More recently, two newer antibodies PD-L1 28-8 (Abcam) and SP263 (Ventana), have been released to the public, and the group is now conducting comparisons using this more comprehensive set. PD-L1 28-8 is the antibody used in Dako's Opdivo complementary diagnostic, and SP263 is an antibody being used in a diagnostic developed by Ventana to enroll patients in clinical trials for MedImmune's MEDI4736 anti-PD-L1 therapy.

"We are working very hard to access 22C3 [the fourth antibody being used in CDx development in this space] so far without success," Rimm said, "but we are trying to incorporate that, too."

With the announcement this week by the NCCN, Rimm and colleagues also have new support as they continue in this effort.

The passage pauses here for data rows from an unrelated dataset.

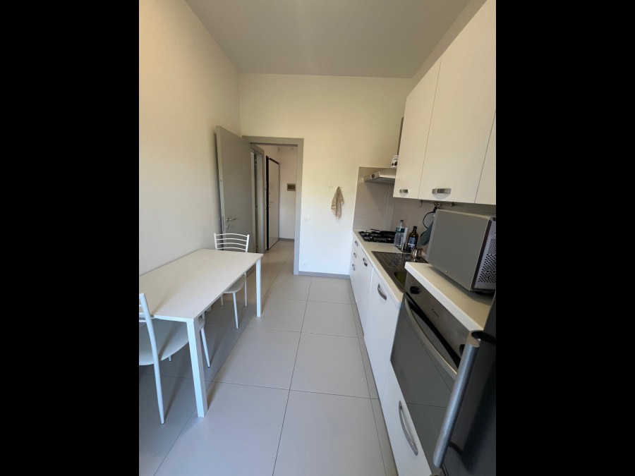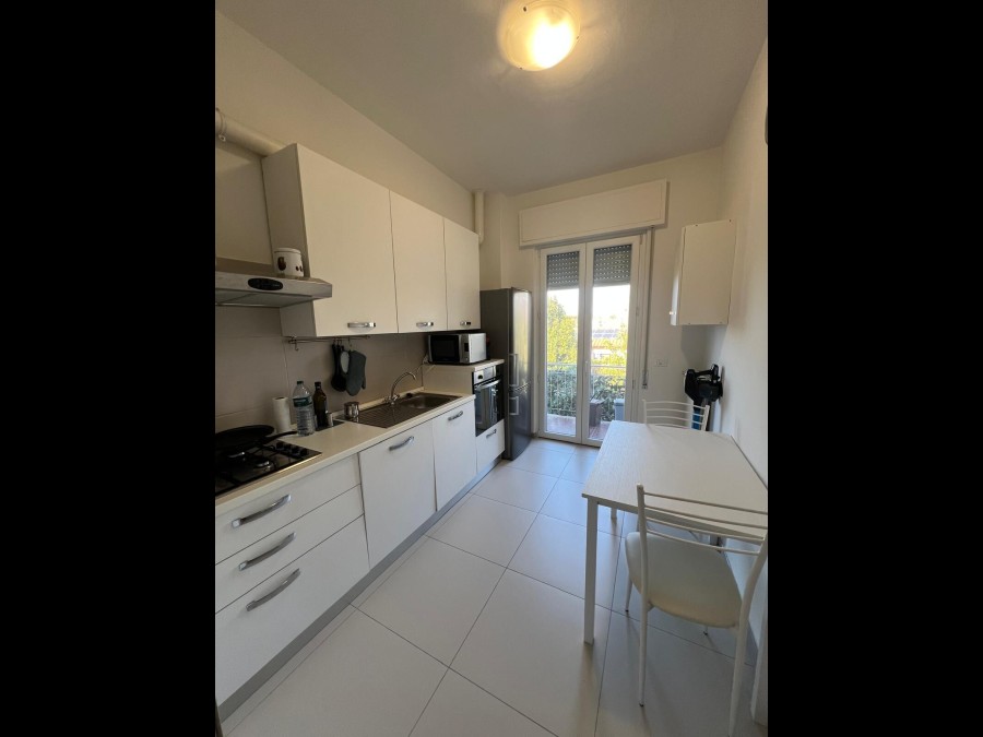 La cucina semi abitabile è ben arredata e completa di elettrodomestici oltre a balcone di servizio.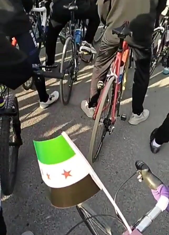 A crowd of cyclists wearing helmets gathers beneath an inflatable archway, seemingly preparing to embark on a ride. Many are astride their bicycles. One bicycle, featuring a light purple frame, is adorned with a Syrian flag attached to its handlebars. The environment appears to be an urban street, with buildings visible in the distance beyond the archway. The day seems bright and clear.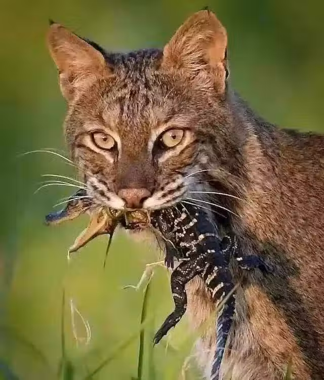 7.猞猁擒拿小鱷魚。對猞猁而言,這只小鱷魚是一道美味可口的點心。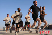 英首相与士兵一起晨跑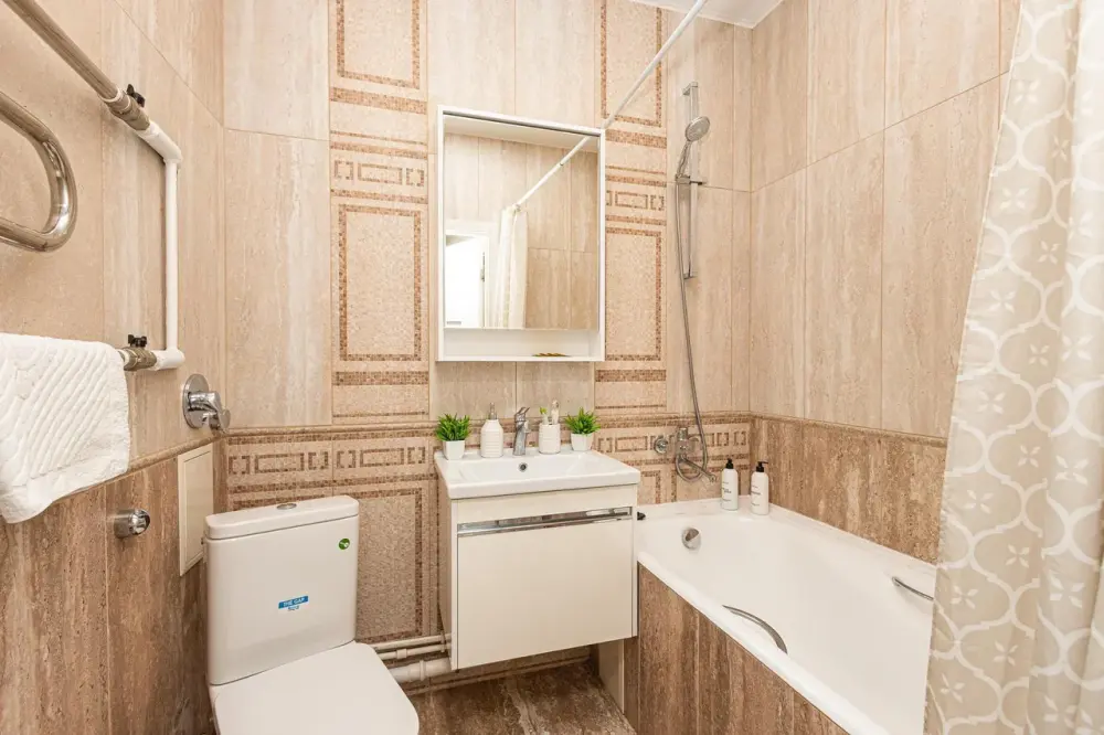 Техника: холодильник, чайник, плита, микроволновка, стиральная машина, утюг, фен. Есть всё для приготовления еды, а также сушилка и гладильная доска.

At the same time, the cause of PD-L1 assay harmonization is also being supported by several other groups. At a workshop co-organized by scientific oncology organizations and the FDA earlier this year, a group of two diagnostic companies and four biopharma companies involved in anti-PD-1 therapeutics and companion diagnostics created a blueprint for their plans to collaboratively compare the analytical performance of PD-L1 IVDs.

In an email to GenomeWeb, spokespersons from BMS and from Ventana said that this collaboration is moving forward and data are currently being generated as part of the project's initial Phase I study.

The International Association for the Study of Lung Cancer has also launched a project to develop a PD-L1 atlas to describe various available assays, their feasibility, and the comparability of these tests in patients with NSCLC.

According to Fred Hirsch, CEO of the IASLC, the atlas portion of this effort is still in the planning stages, and studies of the comparability of PDL-1 assays to support it are ongoing.

Finally, Hansen said that regulators also appear to be keyed into this issue, and that the European Medicines Agency may be working on developing a paper that would provide some regulatory guidance on interpretation of PD-L1 expression in the context of immune-oncology.